China’s economic recovery unlikely to ease global oil glut

A recovery in China’s economy following its coronavirus outbreak has prompted a rebound in demand for oil, but analysts have warned that will not be enough to soak up a global glut that has resulted in a collapse in crude prices. 

Chinese petroleum consumption has plummeted this year as the pandemic, which locked down swaths of industrial supply chains and closed businesses in the country, severely hit the world’s second-biggest economy. The international spread of the virus is now expected to result in a global recession, which has piled more pressure on oil prices.

Record production cuts — set to reduce global output by about 10 per cent — agreed on Sunday in a deal that ended a stand-off between Russia and Saudi Arabia could ease a supply glut, but traders remain concerned that plummeting global demand could far outstrip curbs.

“What we saw in China was one of the steepest falls in oil demand we had ever seen,” said Per Magnus Nysveen, head of analysis at Rystad Energy, a Norway-based research company. “Now we see even higher reduction[s] in the rest of the world.”

Petroleum demand in China, the world’s largest importer of crude, appears to be rising again following the outbreak that brought the country to a near standstill for much of February, traffic and airline industry data suggest.
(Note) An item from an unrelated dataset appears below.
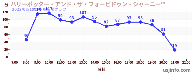 • ハリーポッター・アンド・ザ・フォービドゥン・ジャーニー™$B$N(B2023年08月10日の待ち時間

Data from TomTom, a location technology company, suggest that rush-hour traffic in some big Chinese cities has recently reached levels comparable to the average across 2019.

Based on analysis of Chinese use of petroleum products for cars, air travel and industry, Rystad estimated that the country’s oil consumption fell to below 10m barrels a day on average in February. It expects this to rise to about 12m barrels a day in April, but that is still below the levels of about 13.7m a day in December.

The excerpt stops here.